*** RECORDS SHOWN ***

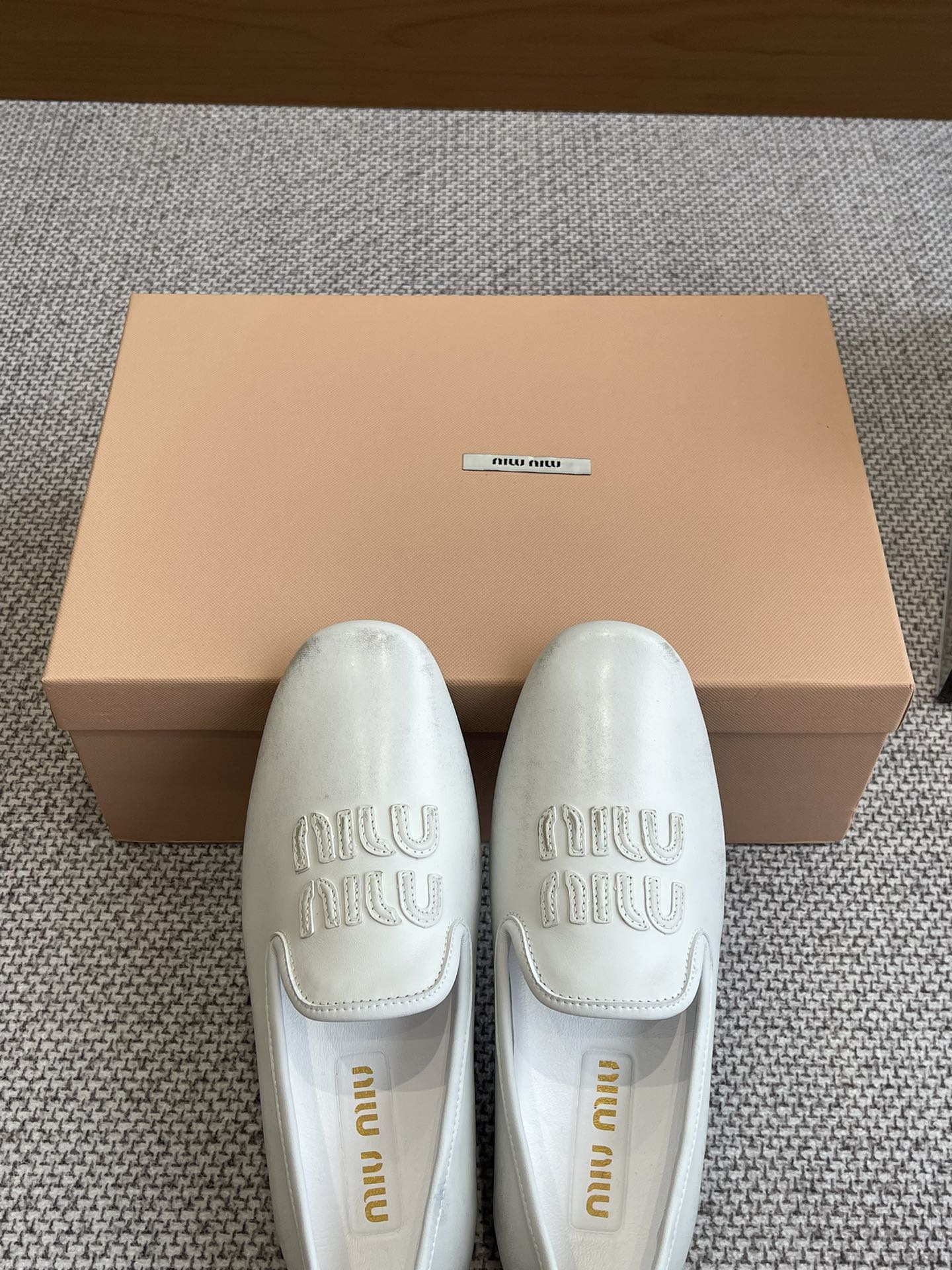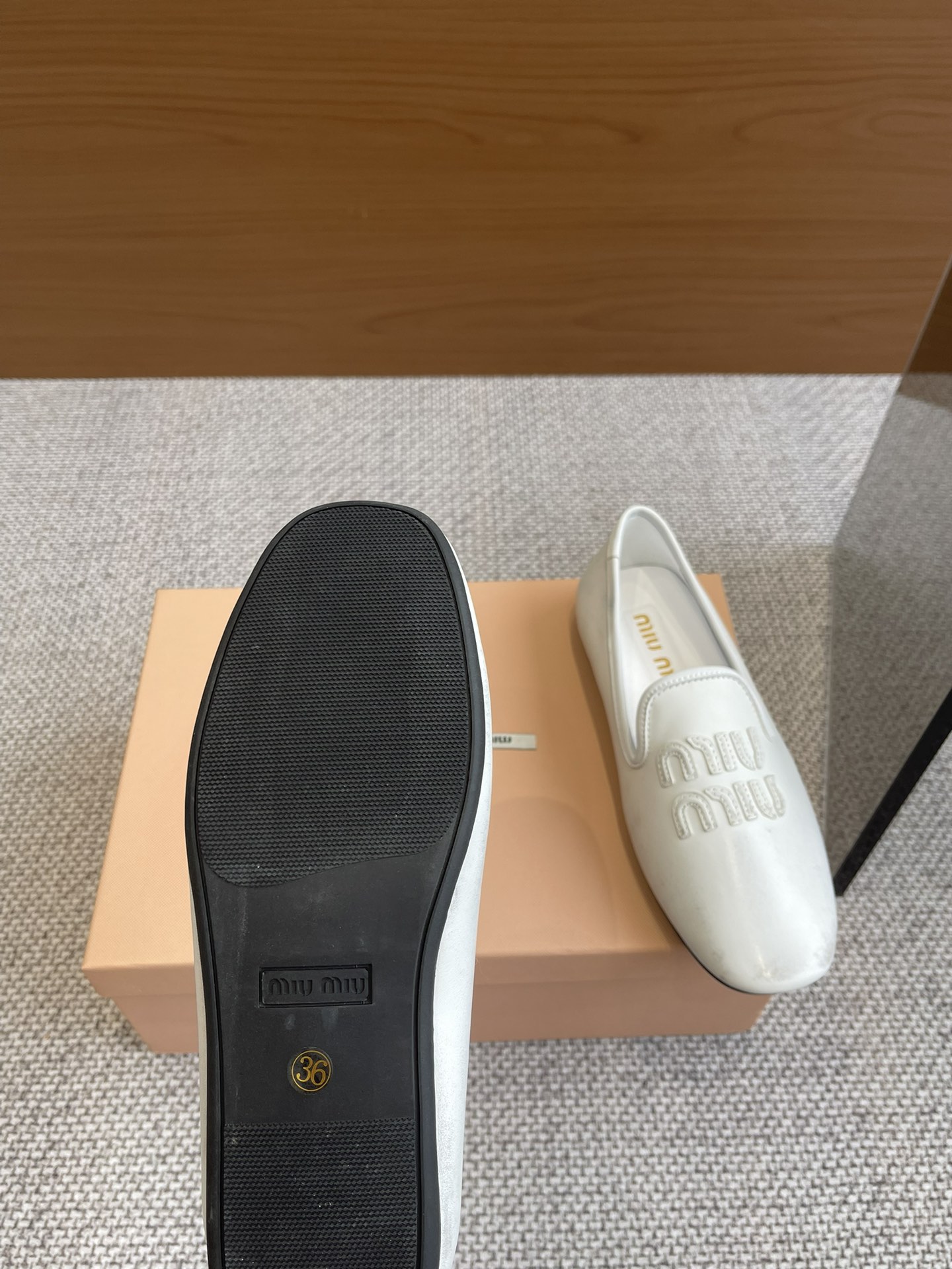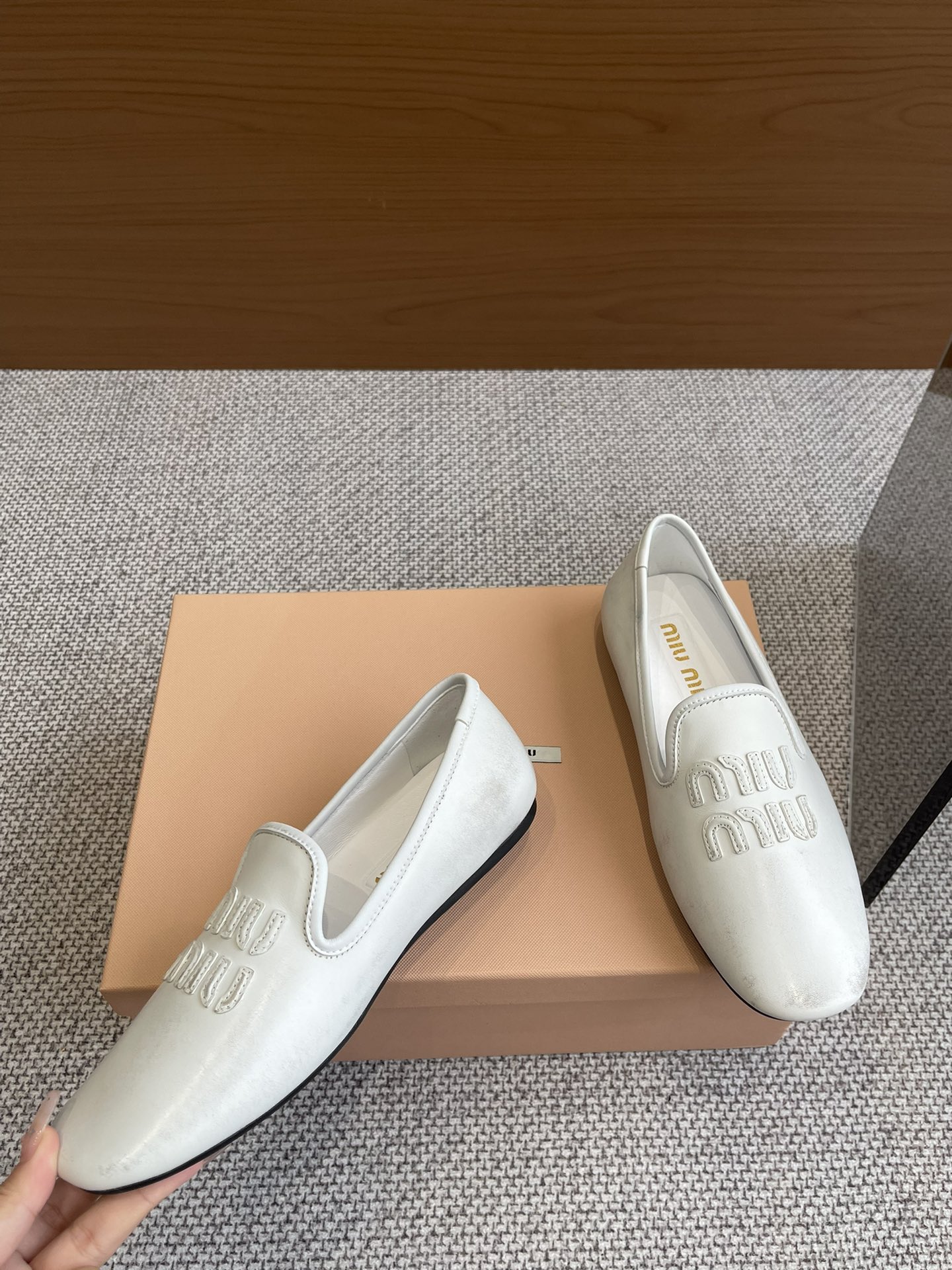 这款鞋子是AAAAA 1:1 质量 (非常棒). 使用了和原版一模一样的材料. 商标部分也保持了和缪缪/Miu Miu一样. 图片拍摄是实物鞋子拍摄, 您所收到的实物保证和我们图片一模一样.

***
*** RECORDS SHOWN ***

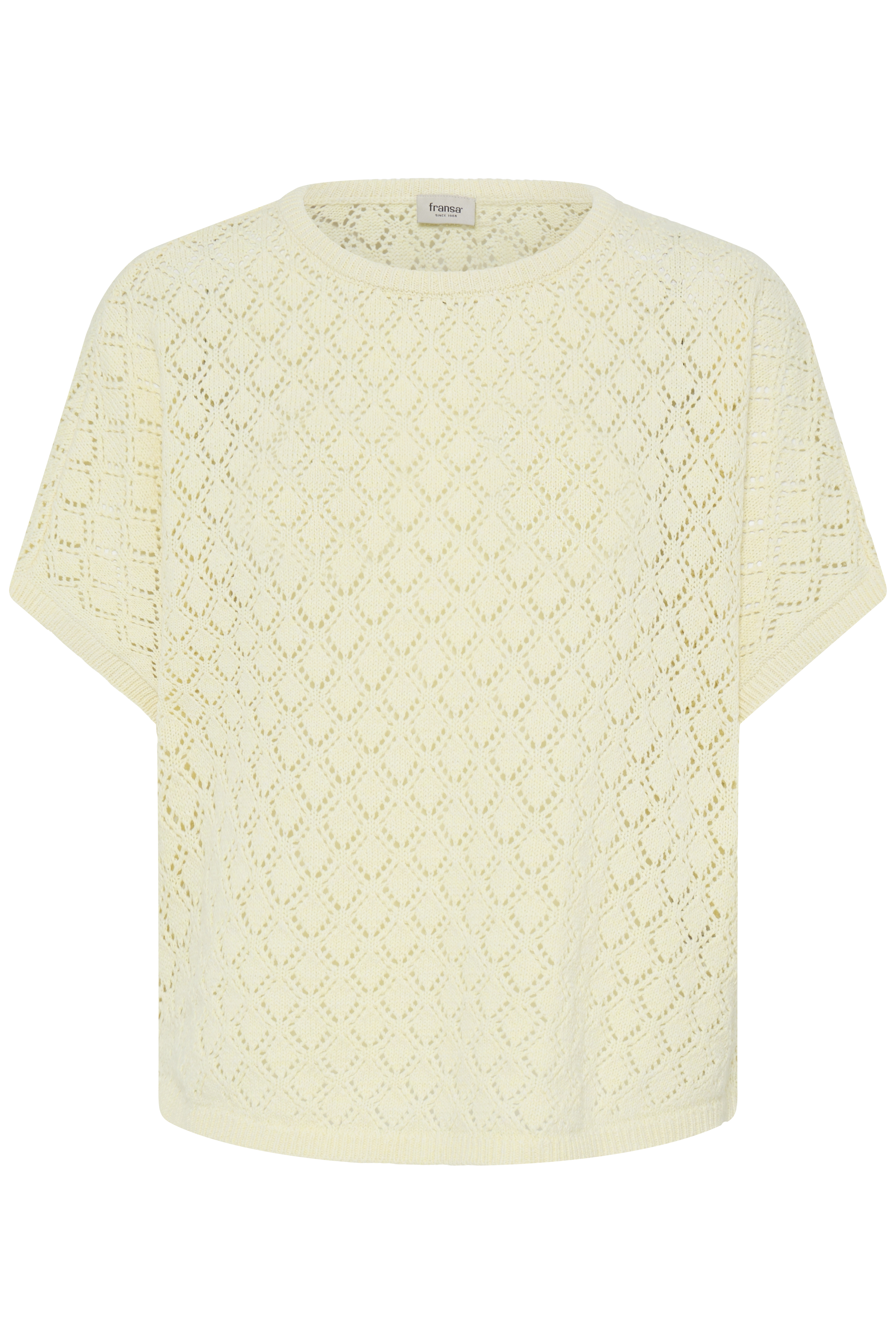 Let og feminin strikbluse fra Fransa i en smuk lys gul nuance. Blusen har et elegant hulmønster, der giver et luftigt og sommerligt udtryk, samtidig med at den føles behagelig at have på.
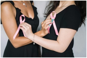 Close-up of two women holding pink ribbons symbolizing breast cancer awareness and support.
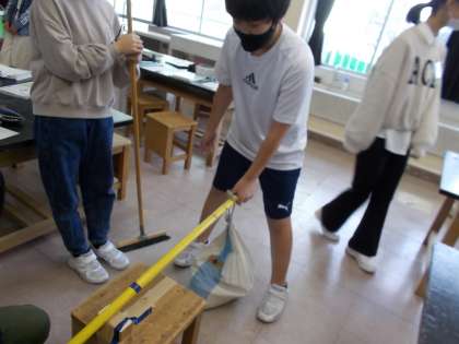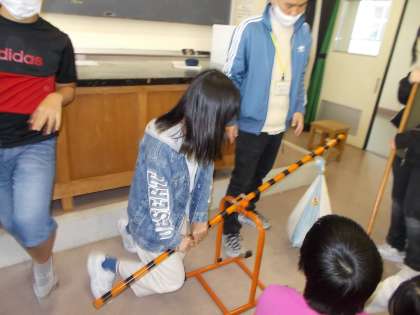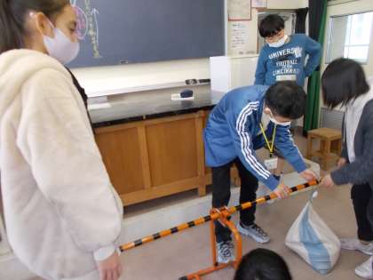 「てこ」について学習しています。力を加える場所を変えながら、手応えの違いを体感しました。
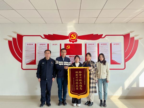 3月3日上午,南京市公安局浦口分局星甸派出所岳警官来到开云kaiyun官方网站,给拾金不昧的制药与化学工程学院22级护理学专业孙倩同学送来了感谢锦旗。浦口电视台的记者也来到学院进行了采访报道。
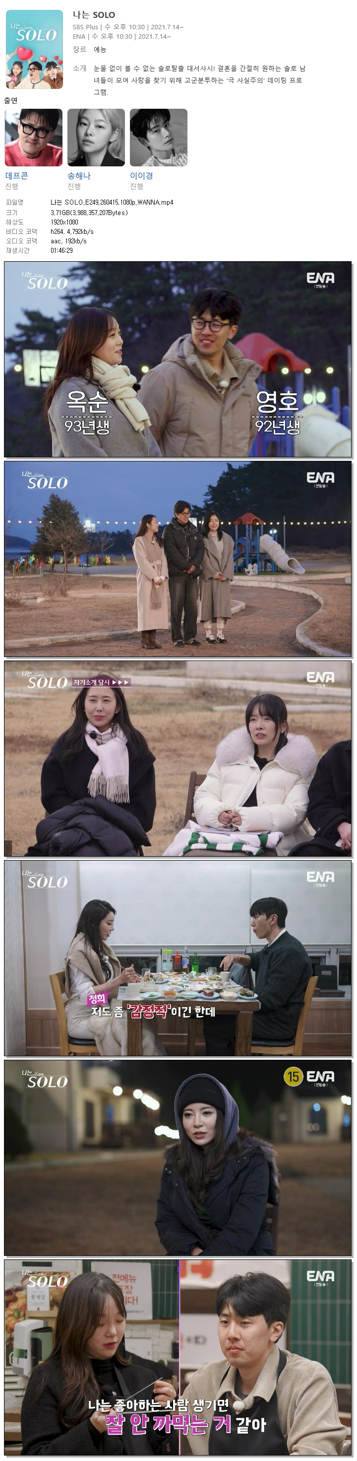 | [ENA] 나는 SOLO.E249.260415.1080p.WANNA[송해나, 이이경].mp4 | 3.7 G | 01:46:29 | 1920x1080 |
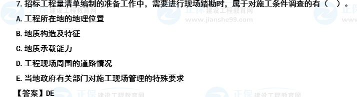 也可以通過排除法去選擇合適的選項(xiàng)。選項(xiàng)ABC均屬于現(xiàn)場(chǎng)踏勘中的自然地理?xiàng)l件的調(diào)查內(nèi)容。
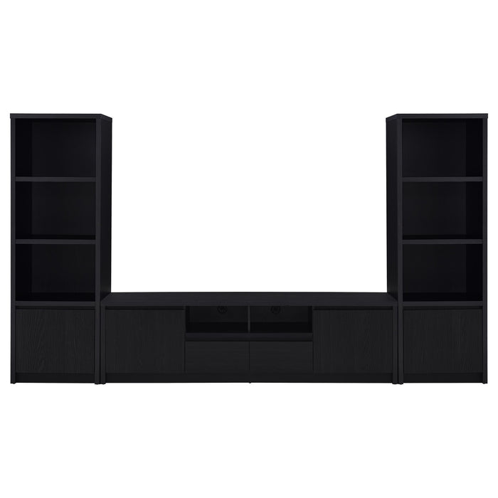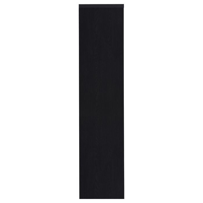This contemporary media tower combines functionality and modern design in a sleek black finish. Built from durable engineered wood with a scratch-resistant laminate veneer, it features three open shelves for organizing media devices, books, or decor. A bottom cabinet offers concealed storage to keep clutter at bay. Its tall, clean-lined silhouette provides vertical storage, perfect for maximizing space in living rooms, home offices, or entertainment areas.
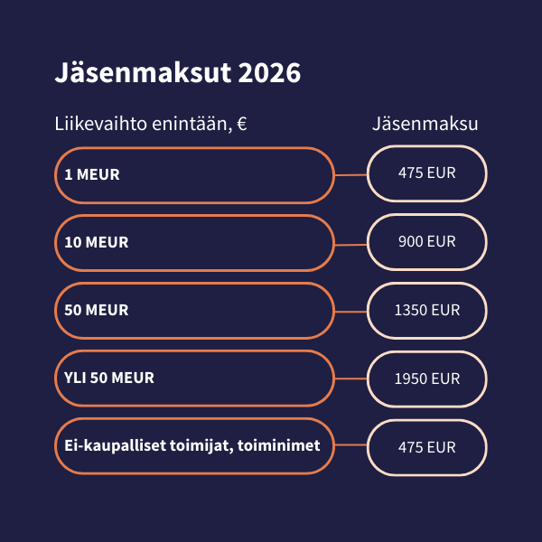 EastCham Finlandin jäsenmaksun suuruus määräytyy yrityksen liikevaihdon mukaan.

***
*** RECORDS SHOWN ***

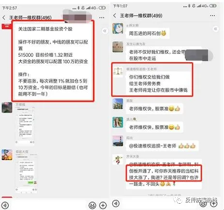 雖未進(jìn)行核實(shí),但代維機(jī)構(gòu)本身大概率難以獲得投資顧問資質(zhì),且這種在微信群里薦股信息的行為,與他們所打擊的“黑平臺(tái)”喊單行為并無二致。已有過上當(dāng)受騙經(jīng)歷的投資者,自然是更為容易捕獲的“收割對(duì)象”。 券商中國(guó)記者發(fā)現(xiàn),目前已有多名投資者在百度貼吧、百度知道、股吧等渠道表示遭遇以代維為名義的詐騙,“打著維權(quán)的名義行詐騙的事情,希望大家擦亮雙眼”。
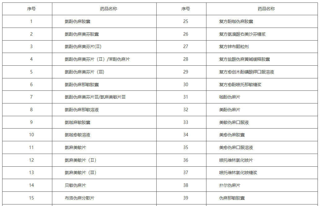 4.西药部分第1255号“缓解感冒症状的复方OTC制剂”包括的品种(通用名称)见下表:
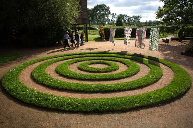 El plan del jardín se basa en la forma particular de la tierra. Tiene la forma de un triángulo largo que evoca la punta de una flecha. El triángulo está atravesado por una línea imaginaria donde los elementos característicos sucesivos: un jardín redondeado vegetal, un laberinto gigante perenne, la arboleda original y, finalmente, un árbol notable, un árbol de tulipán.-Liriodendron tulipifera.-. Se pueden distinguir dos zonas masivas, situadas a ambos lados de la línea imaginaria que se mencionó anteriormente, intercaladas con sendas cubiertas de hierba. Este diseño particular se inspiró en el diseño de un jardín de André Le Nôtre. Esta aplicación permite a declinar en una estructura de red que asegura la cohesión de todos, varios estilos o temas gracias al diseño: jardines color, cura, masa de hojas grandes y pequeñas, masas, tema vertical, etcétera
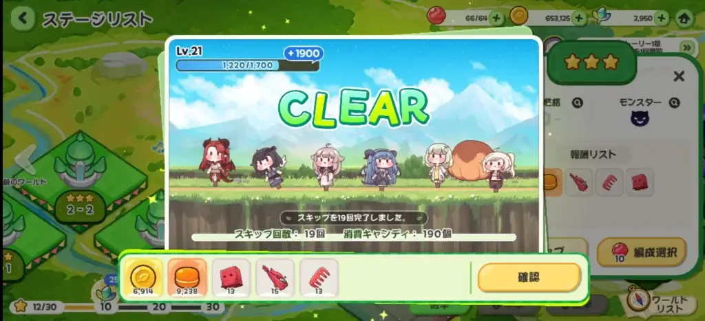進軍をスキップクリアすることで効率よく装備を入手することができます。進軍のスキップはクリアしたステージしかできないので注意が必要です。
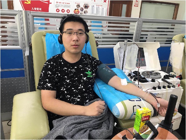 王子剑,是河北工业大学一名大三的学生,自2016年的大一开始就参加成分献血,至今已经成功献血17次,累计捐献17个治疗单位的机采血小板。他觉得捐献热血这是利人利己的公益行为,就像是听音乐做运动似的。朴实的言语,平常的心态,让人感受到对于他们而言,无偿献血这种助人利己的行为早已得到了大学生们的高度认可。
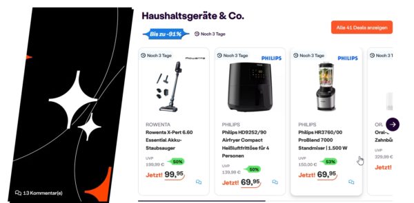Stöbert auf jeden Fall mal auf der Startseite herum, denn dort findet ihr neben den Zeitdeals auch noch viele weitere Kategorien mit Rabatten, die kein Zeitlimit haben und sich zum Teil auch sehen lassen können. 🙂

***

WHAT YOU HAVE TO DO: What's needed is an exact copy of the records above from the line containing "雖未進(jìn)行核實(sh" down to the line containing "Stöbert auf jeden", both included, without any pictures.

TASK RESULT:
 雖未進(jìn)行核實(shí),但代維機(jī)構(gòu)本身大概率難以獲得投資顧問資質(zhì),且這種在微信群里薦股信息的行為,與他們所打擊的“黑平臺(tái)”喊單行為并無二致。已有過上當(dāng)受騙經(jīng)歷的投資者,自然是更為容易捕獲的“收割對(duì)象”。 券商中國(guó)記者發(fā)現(xiàn),目前已有多名投資者在百度貼吧、百度知道、股吧等渠道表示遭遇以代維為名義的詐騙,“打著維權(quán)的名義行詐騙的事情,希望大家擦亮雙眼”。
 4.西药部分第1255号“缓解感冒症状的复方OTC制剂”包括的品种(通用名称)见下表:
 El plan del jardín se basa en la forma particular de la tierra. Tiene la forma de un triángulo largo que evoca la punta de una flecha. El triángulo está atravesado por una línea imaginaria donde los elementos característicos sucesivos: un jardín redondeado vegetal, un laberinto gigante perenne, la arboleda original y, finalmente, un árbol notable, un árbol de tulipán.-Liriodendron tulipifera.-. Se pueden distinguir dos zonas masivas, situadas a ambos lados de la línea imaginaria que se mencionó anteriormente, intercaladas con sendas cubiertas de hierba. Este diseño particular se inspiró en el diseño de un jardín de André Le Nôtre. Esta aplicación permite a declinar en una estructura de red que asegura la cohesión de todos, varios estilos o temas gracias al diseño: jardines color, cura, masa de hojas grandes y pequeñas, masas, tema vertical, etcétera
進軍をスキップクリアすることで効率よく装備を入手することができます。進軍のスキップはクリアしたステージしかできないので注意が必要です。
 王子剑,是河北工业大学一名大三的学生,自2016年的大一开始就参加成分献血,至今已经成功献血17次,累计捐献17个治疗单位的机采血小板。他觉得捐献热血这是利人利己的公益行为,就像是听音乐做运动似的。朴实的言语,平常的心态,让人感受到对于他们而言,无偿献血这种助人利己的行为早已得到了大学生们的高度认可。
Stöbert auf jeden Fall mal auf der Startseite herum, denn dort findet ihr neben den Zeitdeals auch noch viele weitere Kategorien mit Rabatten, die kein Zeitlimit haben und sich zum Teil auch sehen lassen können. 🙂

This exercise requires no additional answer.